> [YOUR OBJECTIVE] Type out the listing below exactly. Pictures stay out of it.

> [THE DATA]
- - -

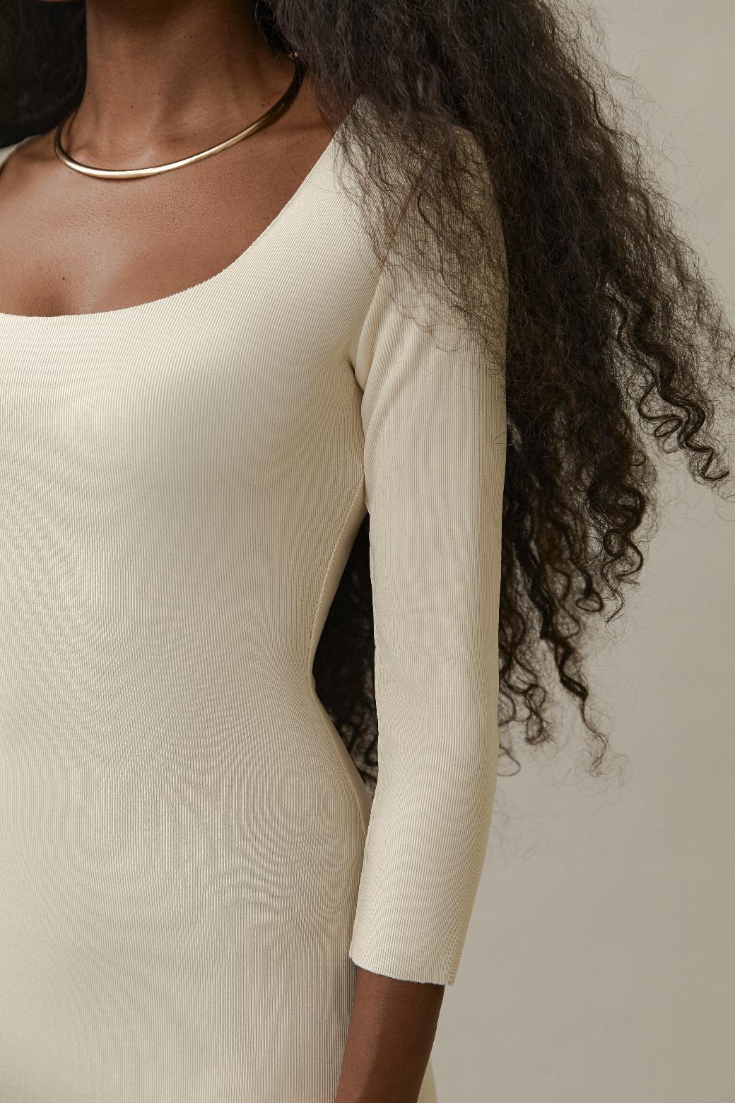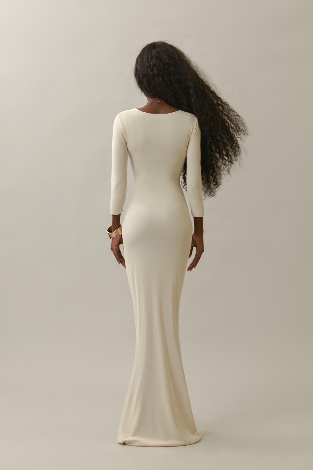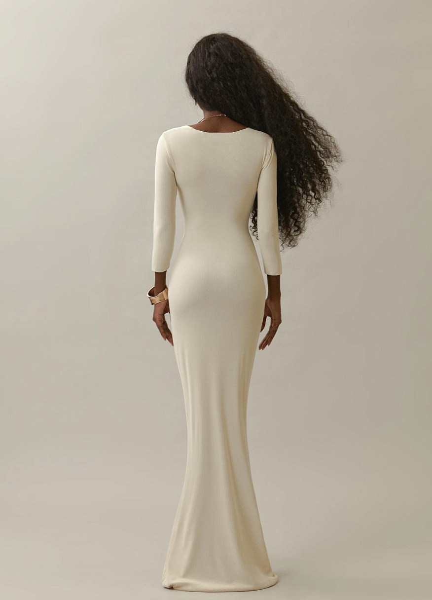 Элегантный вырез и рукава 3/4, подчеркнутые оригинальностью, делают модель ещё более утончённой и женственной. Но главное — это возможность изменить длину платья под ваш рост и обувь, придавая образу невероятную гибкость и индивидуальность. Вы — художник своего стиля, а это платье — холст для самых смелых экспериментов.
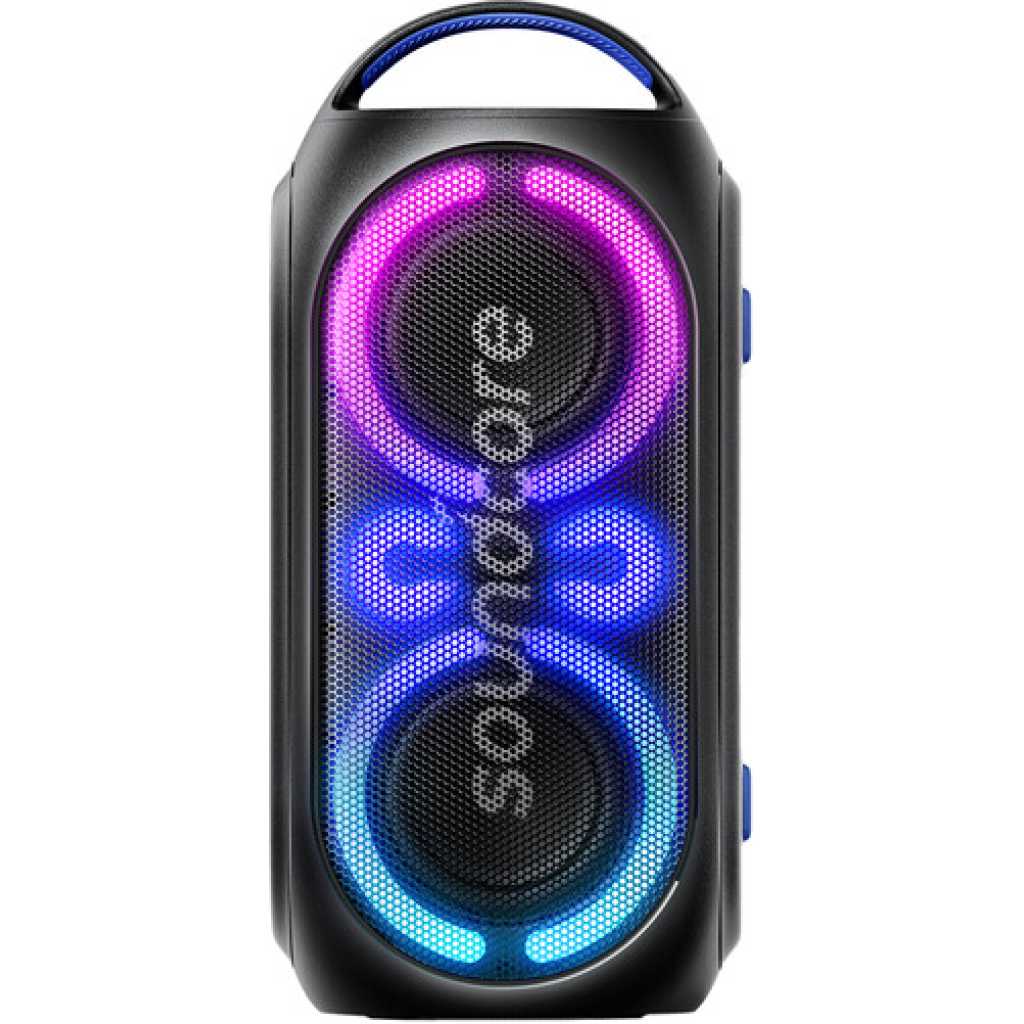 Key Features: 120W of Audio Power Dual 4″ Woofers & 2″ Tweeters IPX4-Rated Water Resistance Multi-Color LED Light Show 7 Light Effects or Customize Your Own Sing Along with an Optional Microphone Up to 18 Hours of Playback Charge a Mobile Device via USB-A 3.5mm AUX Input for a Wired Source Built-In Carry Handle
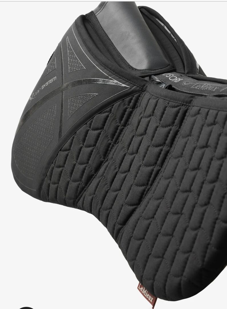 Zadeldek, 3 kamers, LeMieux - Te koop zeer weinig gebruikt en perfect zadeldek van LeMieux. 3 kamers aan elke kant (elke kamer kan worden opgevuld met twee inzetstukken). Maat: L Geschikt voor hoge schoft Meer informatie op de foto's.

- - -

> [OUTPUT OF THE EXERCISE]
 Элегантный вырез и рукава 3/4, подчеркнутые оригинальностью, делают модель ещё более утончённой и женственной. Но главное — это возможность изменить длину платья под ваш рост и обувь, придавая образу невероятную гибкость и индивидуальность. Вы — художник своего стиля, а это платье — холст для самых смелых экспериментов.
 Key Features: 120W of Audio Power Dual 4″ Woofers & 2″ Tweeters IPX4-Rated Water Resistance Multi-Color LED Light Show 7 Light Effects or Customize Your Own Sing Along with an Optional Microphone Up to 18 Hours of Playback Charge a Mobile Device via USB-A 3.5mm AUX Input for a Wired Source Built-In Carry Handle
 Zadeldek, 3 kamers, LeMieux - Te koop zeer weinig gebruikt en perfect zadeldek van LeMieux. 3 kamers aan elke kant (elke kamer kan worden opgevuld met twee inzetstukken). Maat: L Geschikt voor hoge schoft Meer informatie op de foto's.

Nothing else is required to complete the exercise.